DIRECTIONS FOR THIS TASK
Please restate word for word the lines from the top of the entries through the line that contains "Pamut rágókötél 2", and do not include any pictures.

DATASET EXCERPTS
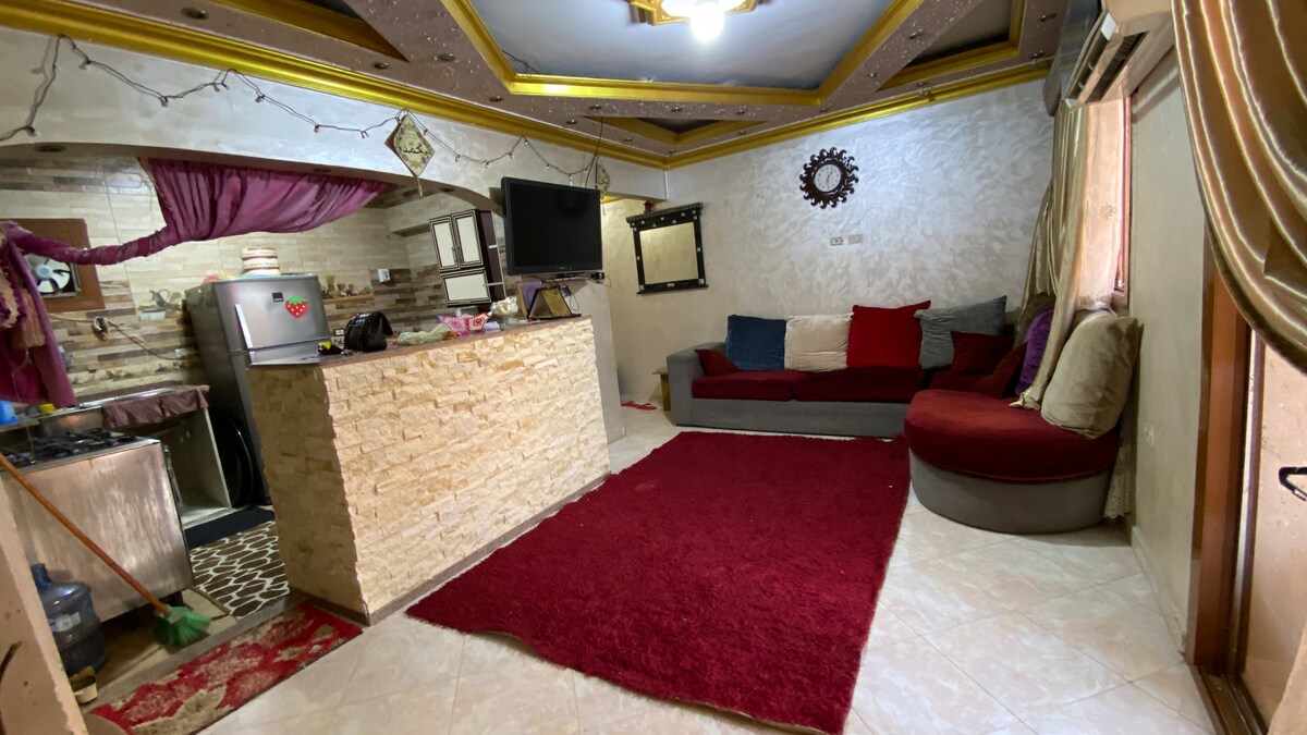 Family house in a small town in Egypt.we are half an hour from downtown.you are 15 minutes away from the Nile.Our family house is big ,nice view from terrance.you can have access to internet.You can shop and visit one of old areas of city built by Mohamed Ali,you go on Faluca and Nile cruise trip. In the evening, you can go out see our night life.
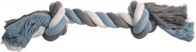 Pamut rágókötél 2 csomóval - játék kutyák számára - Kiválóan alkalmas húzó vonó játékra. - Kellemes tapintású, puha pamutból készült. - Segít megelőzni a foglepedéket és masszírozza az ínyt. - Kültéri és beltéri használatra egyaránt alkalmas. Mérete: 45 cm x 10 cm x 11.5 cm Súlya: 670 g Színe: Kék - fehér - szürke Anyaga: Pamut Figyelmeztetés: Nem gyermekjáték. 3 évesnél fiatalabb gyermektől elzárva tartandó! Játék közben mindig tartsa felügyelet alatt kedvencét és ne engedje, hogy sérült vagy törött játékkal tovább játsszon! Használat előtt távolítsa el a csomagolóanyagot!
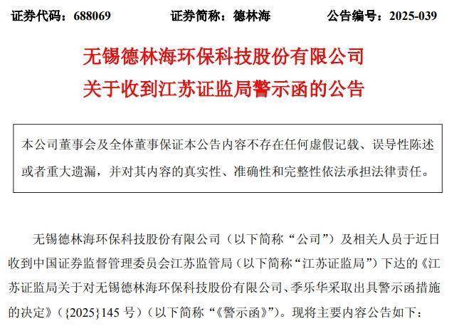江苏证监局指出,公司上述行为违反了相关规定。季乐华作为时任财务负责人,未能勤勉尽责,对上述行为负有主要责任,违反了相关规定。根据规定,该局决定对德林海及季乐华采取出具警示函的行政监管措施,并记入证券期货市场诚信档案。
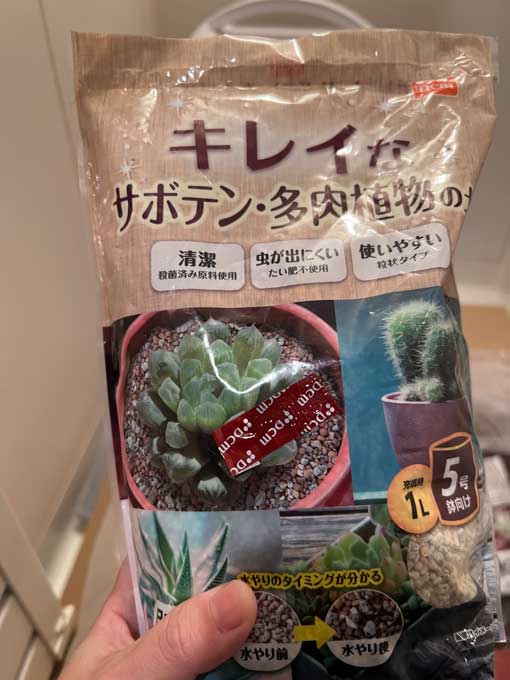 うちの多肉植物はこの「キレイなサボテン多肉の土 1L 5号鉢向け DCM」で育成しています。
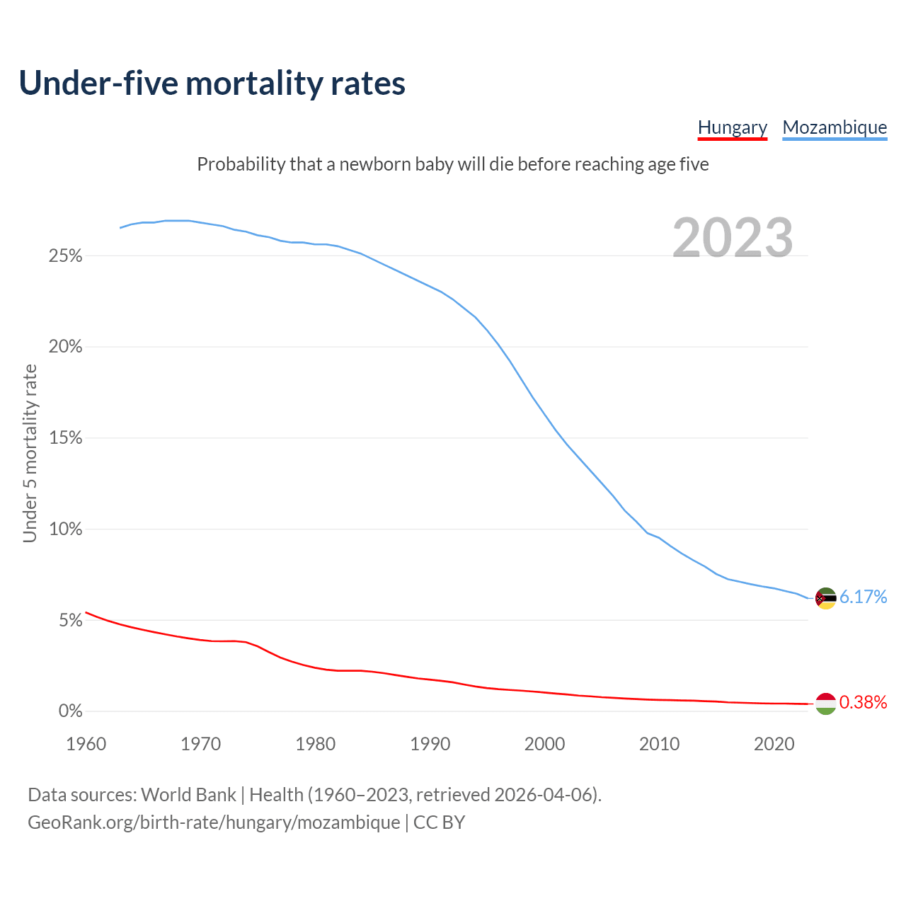 The chance that a newborn baby will die before reaching age five is 0.38% in Hungary and 6.17% in Mozambique. Above is a chart with historical data on under-five mortality rates.
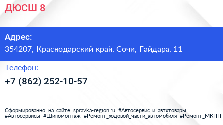 ДЮСШ №8 по адресу 354207, Краснодарский край, Сочи, Гайдара, 11 в дальнейшем Организация, размещена в следующих категориях:
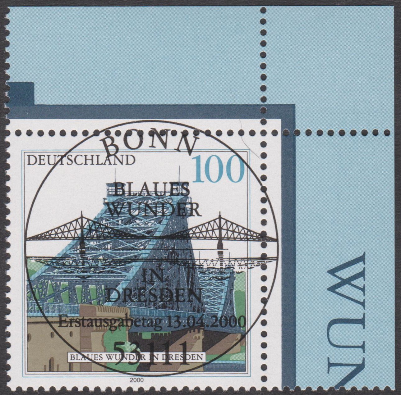 "Blaues Wunder" in Dresden, Bund MiNr. 2109, Eckrand oben rechts mit ESST BONN:
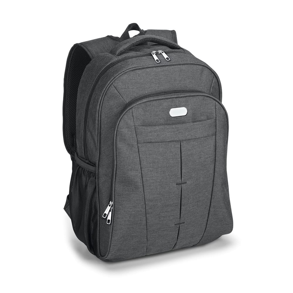 Mochila para notebook em Oxford de alta densidade com compartimento forrado, com divisória almofadada para notebook até 17” e diversos bolsos interiores. 2 bolsos laterais em tela mesh e 2 bolsos frontais. Parte posterior almofadada, com sistema de apoio acolchoado para as costas e alças almofadadas. Placa metálica removível com imã para fácil gravação. Capacidade até 24L
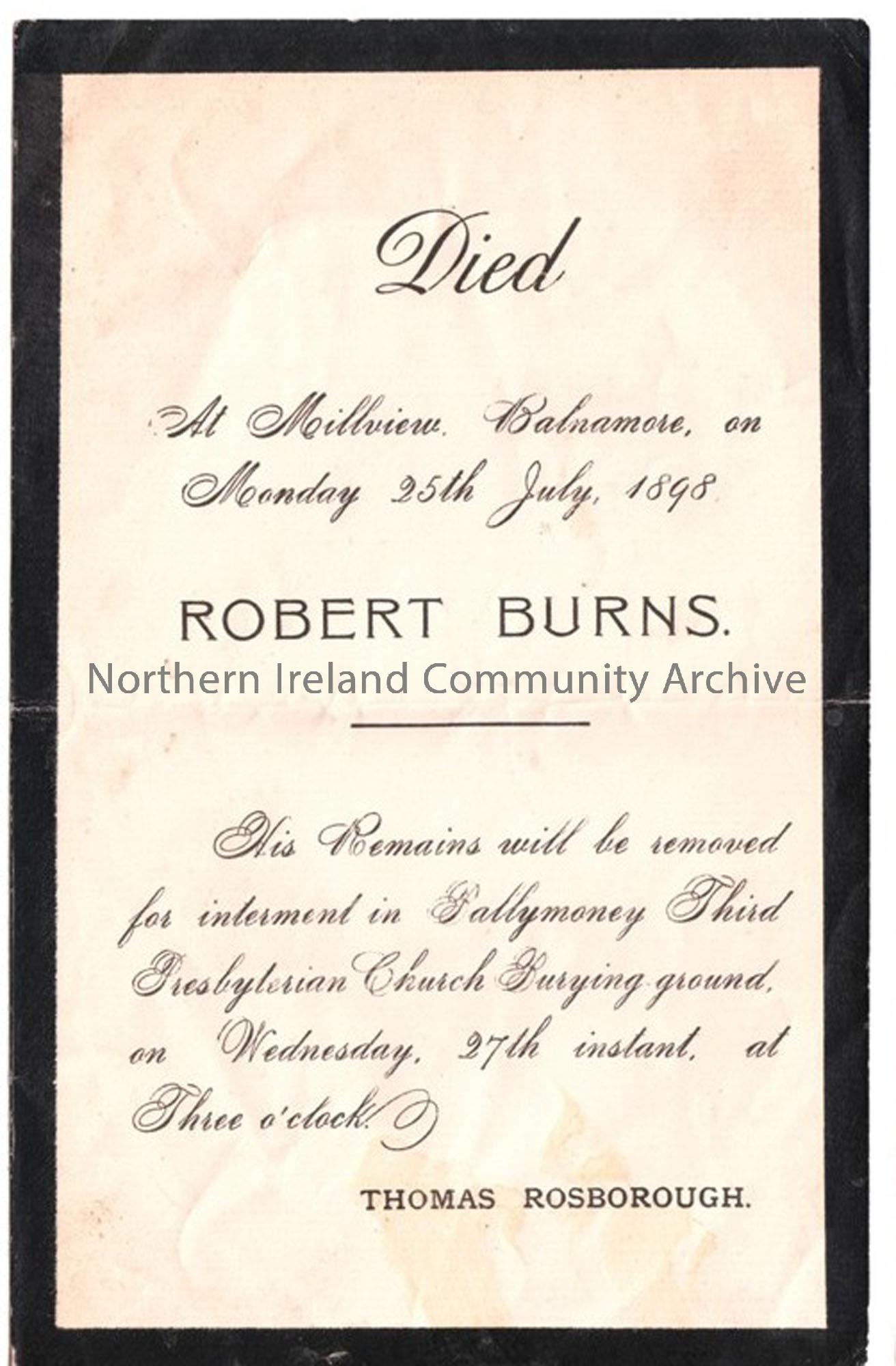 Robert Burns of Balnamore, buried in Third Presbyterian Church Ground, Ballymoney d.25th July 1898
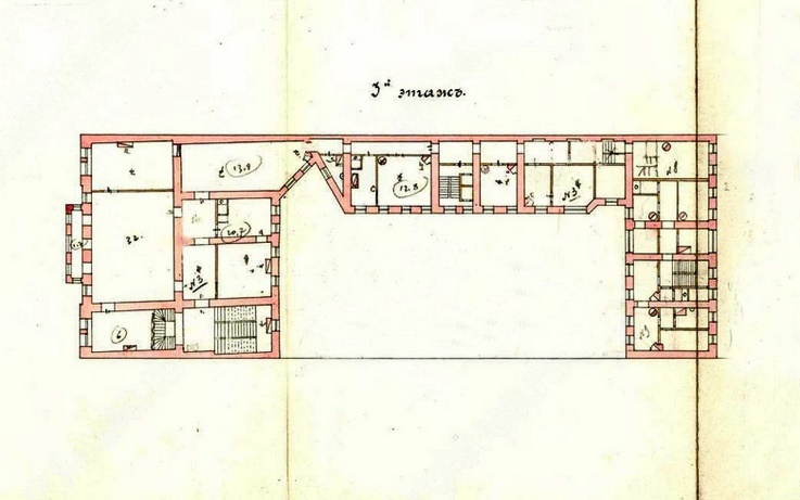 Схема 3-го этажа дома 20 по Моховой улице. 1901 год. Квартира № 9 на схеме справа (торцевая). Копия из личного архива автора. Публикуется впервые. (Источник: ЦГИА СПб. Фонд 513. Опись 102. Дело 4264)
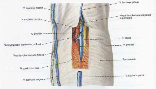 b. Vena poplitee, unica (rar poate fi si dubla) se situeaza dorso-lateral de artera, ambele fiind cuprinse intr-o teaca conjunctiva. Primeste un numar mare de afluenti: vena safena externa si venele genunchiului care insotesc cate doua, arterele articulare. Vena safena externa, la nivelul pliului de flexie a genunchiului patrunde profund, realizand jonctiunea safeno-popliteana.
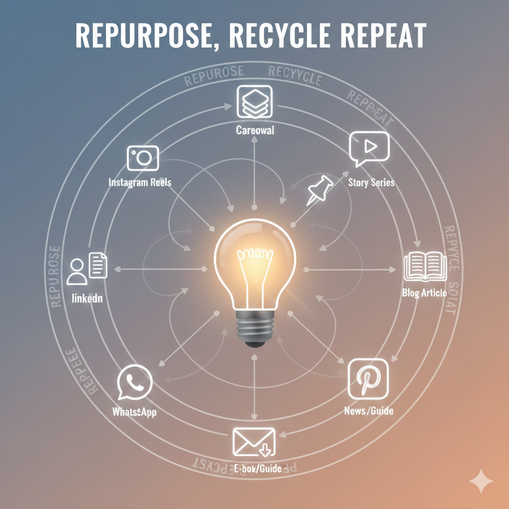 Repurposing content isn’t cheating — it’s the smartest way to stay consistent, save time, and grow on multiple platforms.
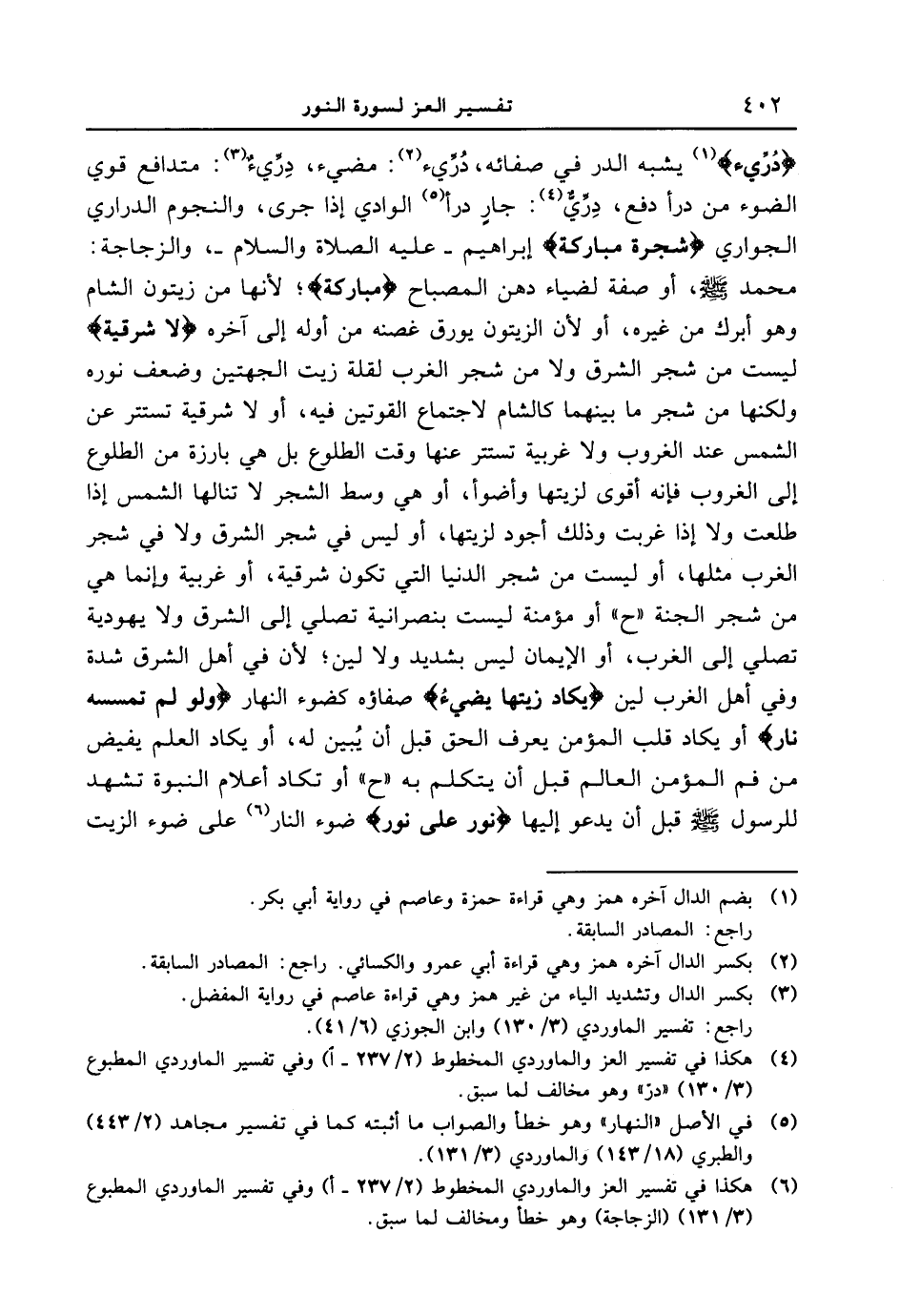 {درئ} يشبه الدر في صفائه، درئ: مضئ، درئ: متدافع قوي الضوء من درأ دفع دِرِّيٌّ: جارٍ درأ الوادي إذا جرى، والنجوم الدراري الجواري {شجرة مباركة} إبراهيم - عليه الصلاة والسلام -، والزجاجة: محمد [صلى الله عليه وسلم] ، أو صفة لضياء دهن المصباح {مُّبارَكَةٍ} ؛ لأنها من زيتون الشام وهو أبرك من غيره، أو لأن الزيتون يورق غصنه من أوله إلى آخره {لا شَرْقِيَّةٍ} ليست من شجر الشرق ولا من شجر الغرب لقلة زيت الجهتين وضعف نوره ولكنها من شجر ما بينهما كالشام لاجتماع القوتين فيه، أو لا شرقية تستتر عن الشمس عند الغروب ولا غربية تستتر عنها وقت الطلوع بل هي بارزة من الطلوع إلى الغروب فإنه أقوى لزيتها وأضوأ، أوهي وسط الشجر لا تنالها الشمس إذا طلعت ولا إذا غربت وذلك أجود لزيتها، أو ليس في شجر الشرق ولا في شجر الغرب مثلها، أوليست من شجر الدنيا التي تكون شرقية، أو غربية وإنما هي من شجر الجنة " ح " أو مؤمنة ليست بنصرانية تصلي إلى الشرق ولا يهودية تصلي إلى الغرب، أو الإيمان ليست بشديد ولا لين؛ لأن في أهل الشرق شدة وفي أهل الغرب لين {يَكَادُ زَيْتُهَا يُضِىءُ} صفاؤه كضوء النهار {وَلَوْ لَمْ تَمْسَسْهُ نَارٌ} أو يكاد قلب المؤمن من يعرف الحق قبل أن يُبين له، أو يكاد العلم يفيض من فم المؤمن العالم قبل أن يتكلم به " ح " أو تكاد أعلام النبوة تشهد للرسول [صلى الله عليه وسلم] قبل أن يدعو إليها {نُّورٌ عَلَى نُورِ} ضوء النار على ضوء الزيت
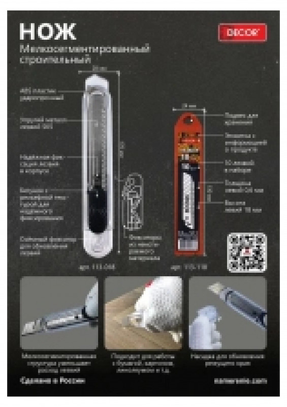 Нож строительный 18мм 0,6мм DECOR
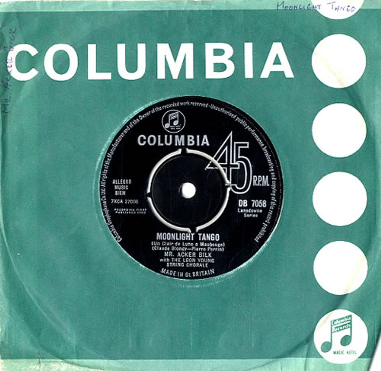 ACKER BILK Moonlight Tango (1963 UK 7" vinyl single with intact original four prong centre, also featuring Bitter Harvest, Columbia company die cut paper sleeve DB7058)
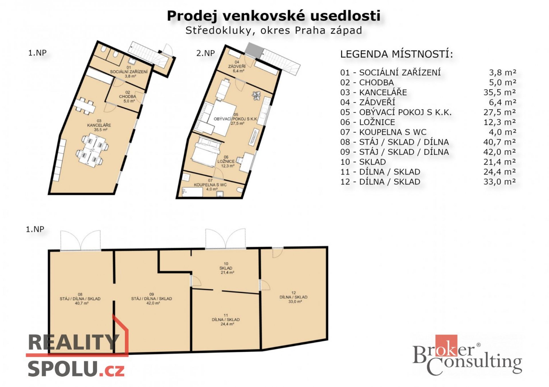 Prostor. Potenciál. Poloha. Tři slova, která vystihují tuto nabídku. Tento bývalý statek je ideální pro ty, kteří chtějí žít naplno, podnikat bez omezení a zároveň být na dosah Prahy. Hlavní budova – 10 velkých místností Propojte bydlení s prací nebo vytvořte jedinečný koncept: od rodinného zázemí až po kanceláře, výrobu, studio, firemní zázemí, přestavět dle potřeb... Druhá budova – 2 samostatné jednotky s možností využití na ubytování. Skvělé na pronájem, zaměstnance, rodinu nebo klienty. Dvoupatrová stodola Čeká na vás. Perfektní možnost pro sklady, dílny, ateliér nebo nové podnikatelské prostory. Proč Středokluky? Místo, které má budoucnost. D7: 2 minuty, Praha: 8 minut, Kladno: 12 minut Školka, škola, střední škola, sportoviště, koupaliště, rybářský revír Obec navíc chystá rozšíření chodníků a cyklotras – ideální pro rodiny i aktivní život Proč zrovna tato nemovitost? Protože vám dává svobodu. Protože nabízí velký prostor za cenu pražského bytu. Protože je to místo, kde můžete růst – osobně, rodinně i podnikatelsky. Tento statek je příležitost, kde máte možnost dát prostor své kreativitě a nápadům. Nečekejte, až si ji vezme někdo jiný! Půdorysy, vizualizace interiéru a exteriéru jsou pouze orientační a představují budoucí možnost využití a úprav. Celková užitná plocha 579 m2 je pouze orientační. Aktuální stav výměr se zpracovává odbornou kanceláří.
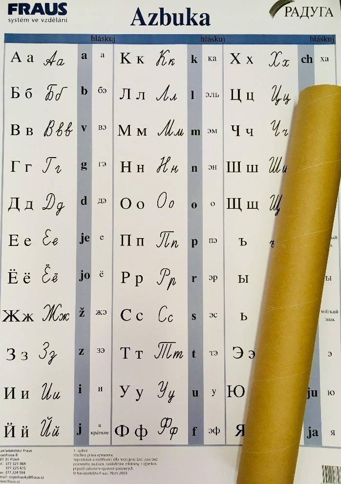 Doplňkový materiál pro výuku ruského jazyka. Slouží k naučení a procvičování ruské abecedy - azbuky. Vhodné pro výzdobu učebny nebo třídy.
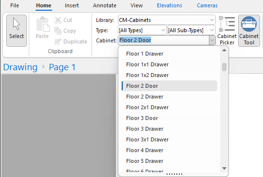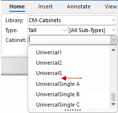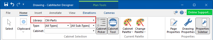 The Library selected on the Home tab, for example CM-Cabinets, will be made available.

OUTPUT OF THE TASK
 Family house in a small town in Egypt.we are half an hour from downtown.you are 15 minutes away from the Nile.Our family house is big ,nice view from terrance.you can have access to internet.You can shop and visit one of old areas of city built by Mohamed Ali,you go on Faluca and Nile cruise trip. In the evening, you can go out see our night life.
 Pamut rágókötél 2 csomóval - játék kutyák számára - Kiválóan alkalmas húzó vonó játékra. - Kellemes tapintású, puha pamutból készült. - Segít megelőzni a foglepedéket és masszírozza az ínyt. - Kültéri és beltéri használatra egyaránt alkalmas. Mérete: 45 cm x 10 cm x 11.5 cm Súlya: 670 g Színe: Kék - fehér - szürke Anyaga: Pamut Figyelmeztetés: Nem gyermekjáték. 3 évesnél fiatalabb gyermektől elzárva tartandó! Játék közben mindig tartsa felügyelet alatt kedvencét és ne engedje, hogy sérült vagy törött játékkal tovább játsszon! Használat előtt távolítsa el a csomagolóanyagot!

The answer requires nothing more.